What more is wrong? Without addressing the healthcare situation the US is on a course to increase our GDP spending for health from the mid-teens to the mid-twentys within a decade. This should be a concern for everyone. (Well unless they are selfish b***ds that only own stock in healthcare companies.)
 
faethor said:
The USA may have a superior procedure or hospital. It's a misapplication of logic that such a case proves that the system as a whole is superior.
That's also a good point. Like I mentioned in that other thread I linked to, doctors that are exposed to a great variety of patients tend to stay sharp. The US just happens to have many heavily populated areas, much more so then Canada, and as such is likely to have a larger pool of physicians at their peek for specialized procedures. Canada in contrast has a handful: Toronto, Montreal, Edmonton, Calgary and Vancouver. Winnipeg for example doesn't even do child heart surgery, we fly them out to either Toronto or Edmonton. Not sure if even Vancouver does. But that's just mostly to do with population sizes, it's just rare for young children to require heart surgery and if your kid needs heart surgery, wouldn't you rather it be done by someone who does it every second day rather then every second month? But none of this has anything to do with how patients pay for their medical care.
 
Don't worry Fade, we take note. The US medical industry has been trying to break socialized healthcare around the world. Up until now the US has been the only market it really has a lock on, but it's been bumping up against the limits of what the population can be fleeced for for years and the writing has been on the wall for decades. There aren't enough Americans with enough money to be able to support the private system (in the manner to which it has become accustomed) so it spends millions of dollars lobbying foreign governments about the "benefits" of a private system - but guess what, they may chop away at little bits here and there but ultimately dumping healthcare for all is election suicide. Even two tier is recognized for the wedge that it is.

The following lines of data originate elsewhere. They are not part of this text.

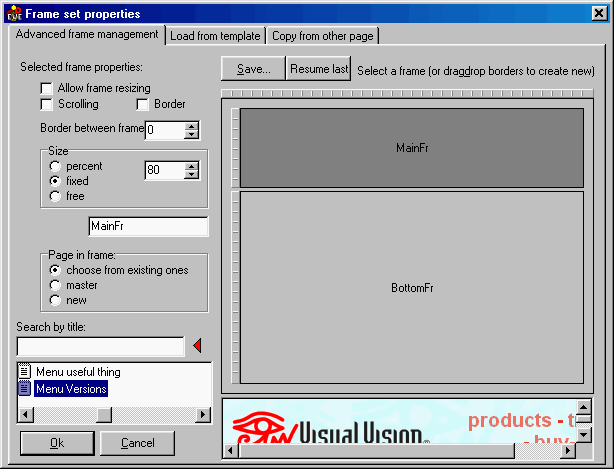With this window you can assign the frame set layout for the current page. You can define a layout “from scratch”, by selecting number, position, width, properties of each frame (scrolling, border, fixed or percent width). You can copy layouts from other pages, or from templates. Click on the image to get Help: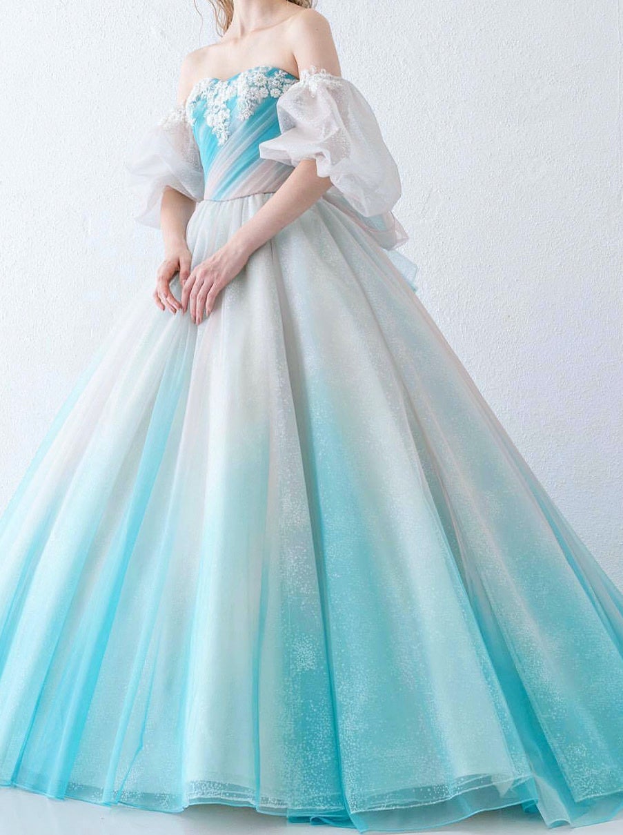 オリジナルのグラデーションプリントチュールをドレス全体に使用したボリュームライン。 デコルテが綺麗に見えるよう、ネックラインにビジューをレイアウトしています。 全体に使用したオーロラグリッターの輝きとバイカラーグラデーション のコントラストか美しい1着です。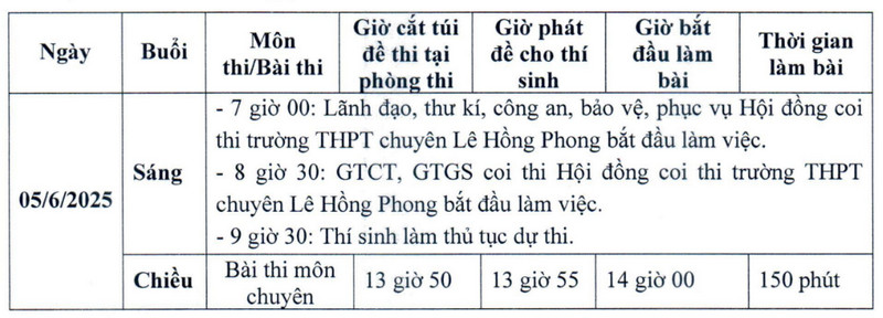 01 bài thi môn chuyên: thi tại Trường THPT chuyên Lê Hồng Phong (ngày 05/6/2025).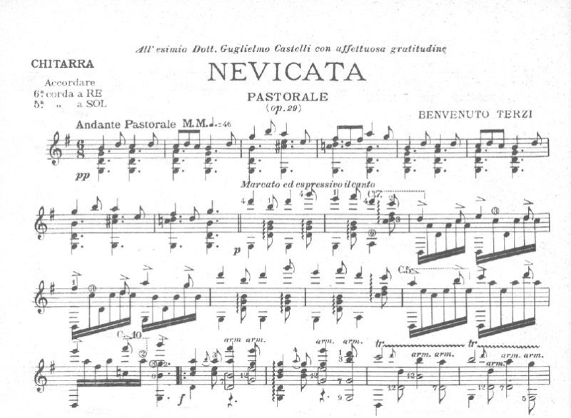 さて、冒頭の動画はお馴染みスペインの名匠、María Esther Guzmán(マリア・エステル・グスマン)によるイタリアのギタリスト・コンポーザー、Benvenuto Terzi(ベンヴェヌート・テルツィ、1892-1956)による“Nevicata Op.29”の演奏です。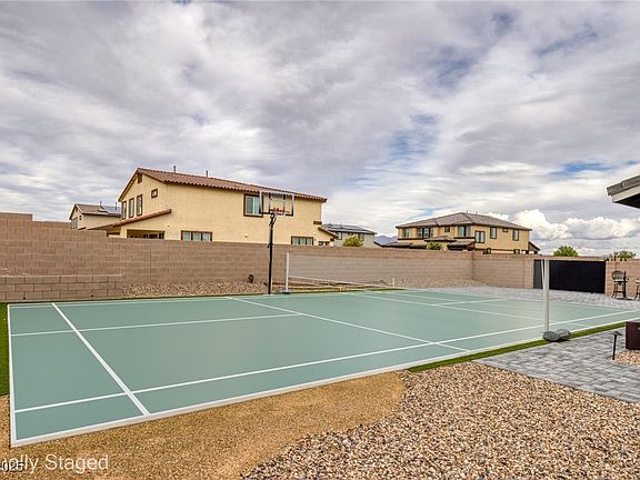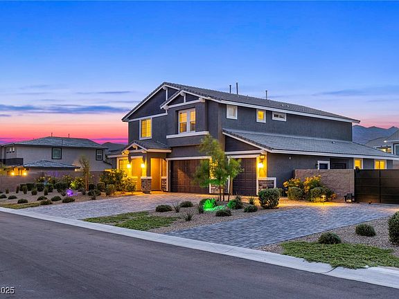 Where luxury meets comfort—welcome to this barely lived-in 2023 modern estate in a gated Northwest community. Featuring 6 bedrooms and 4 baths, including a private Next-Gen suite (casita) with its own living room, kitchenette, laundry, and entry—ideal for multi-gen living or guests. Set on nearly half an acre lot with mountain, Strip, and valley views, this home offers an 18,000+ sqft backyard with RV parking, sport court, and custom steel privacy gate. The chef’s kitchen is a showpiece with quartz countertops, stainless appliances, custom backsplash, double ovens, and 5-burner cooktop. Upstairs, a spacious loft and a secluded primary suite with a designer closet and spa-inspired bath elevate everyday living. Enjoy 9’ ceilings, smart home tech, new carpet, and a 3-car garage with 8’ doors. RV hookups, gas stub, and soft-water loop included. Minutes from Hwy 215, Downtown Summerlin, fine dining, and premier shopping—this residence defines modern Las Vegas luxury.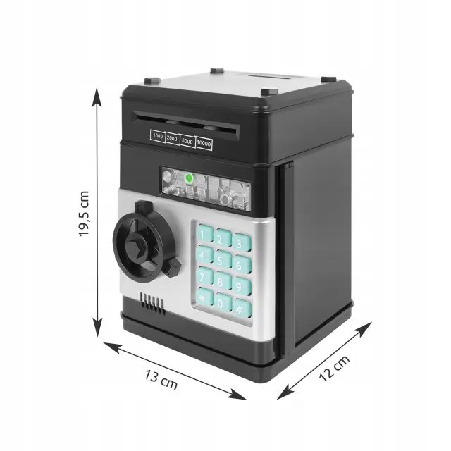 SPECIFIKACIJA – vrata se odprejo po vnosu 4-mestne PIN kode; možnost vnosa lastnega gesla; za bankovce in kovance; starost otroka 6+; sposobnost spreminjanja zvokov v glas; po 20 sekundah vas sef opomni na odprta vrata; mere (višina/širina/globina): 19,5/13/12 cm; teža: 0,55 kg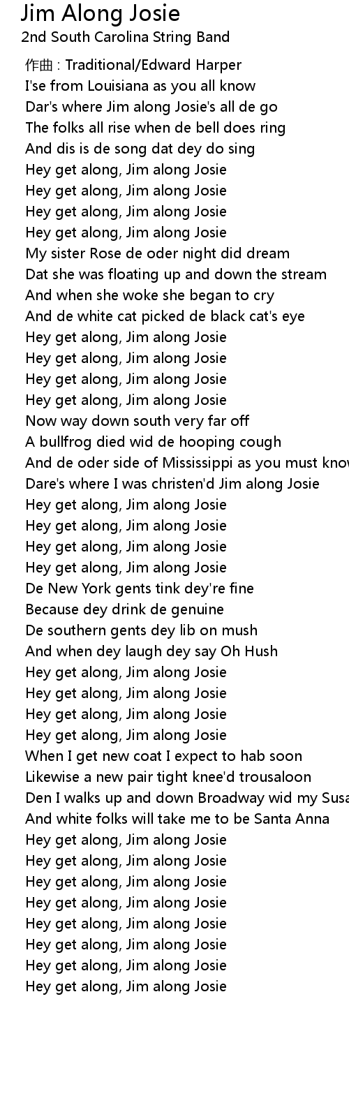 | [00:33.246] | Hey get along, Jim along Josie |
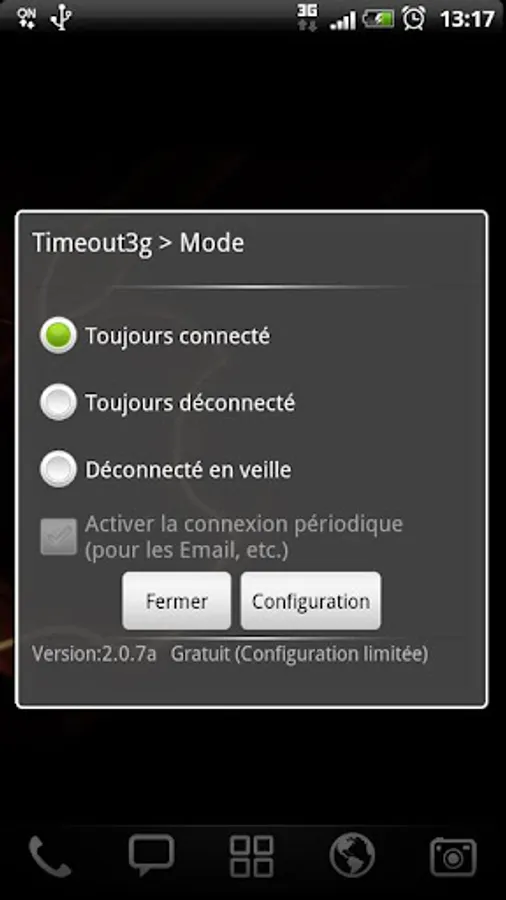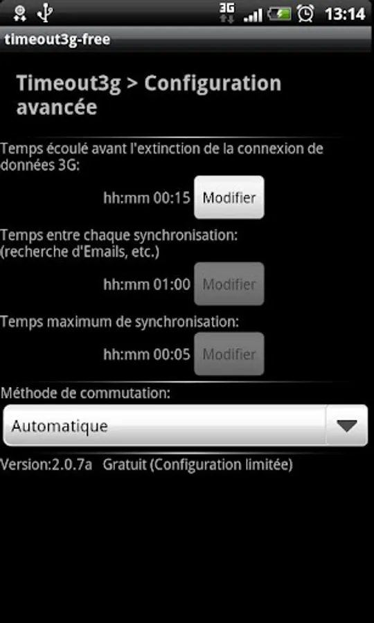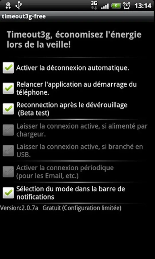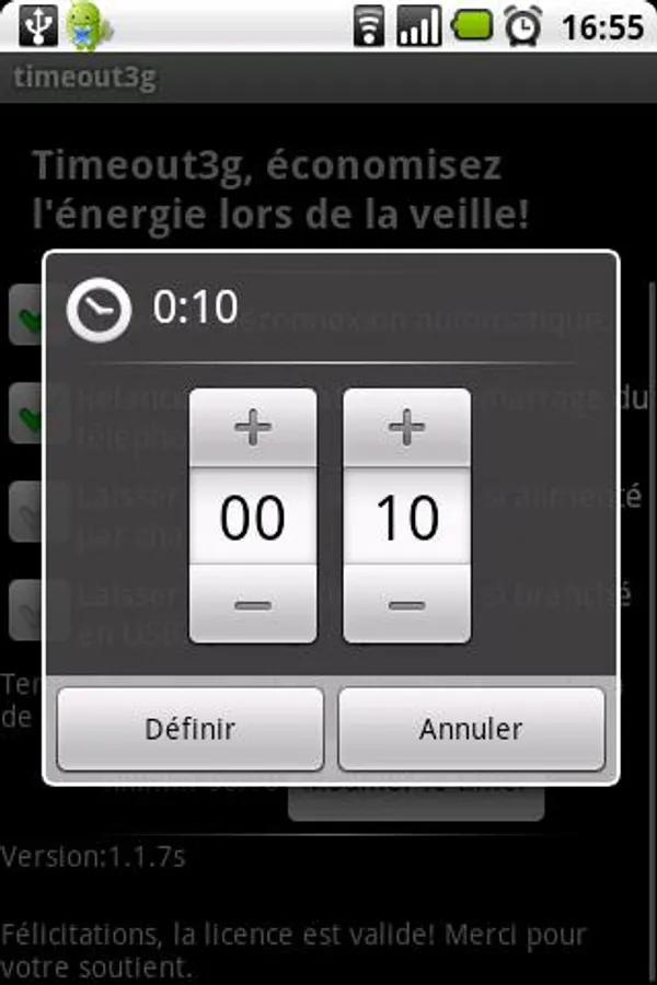 If you are using a taskiller, then please add timeout3g to the safe list or it will not work: do not kill timeout3g.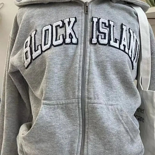Women's Retro Gray Hoodie Letter Embroidery Casual Loose Coat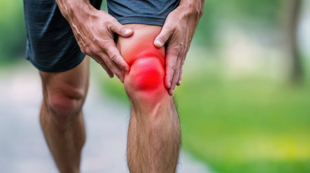 Man holding painful inflamed knee joint. Generative AI

And in the US support for a single payer system (despite what you might see on TV) still runs about 60% in the US. The US has a higher mortality rate for children under fives than Greece, for crying out loud.
 
Glaucus said:
The US just happens to have many heavily populated areas, much more so then Canada, and as such is likely to have a larger pool of physicians at their peek for specialized procedures. Canada in contrast has a handful: Toronto, Montreal, Edmonton, Calgary and Vancouver. Winnipeg for example doesn't even do child heart surgery, we fly them out to either Toronto or Edmonton.
It's very similar in the USA. Larger areas have more specialized procedures and providers. For example, most all hospitals do childbirth. However, if the child is born with medical requirements they are helicoptered elsewhere. In my area they do some 'extra checks' to help weed out some of the more problem infants. They understand that a helicopter trip for a medically in danger newborn is a bad idea. If your risk is high for potential problems in birth they recommend you travel about 45 minutes farther to avoid the chance of a helicopter trip.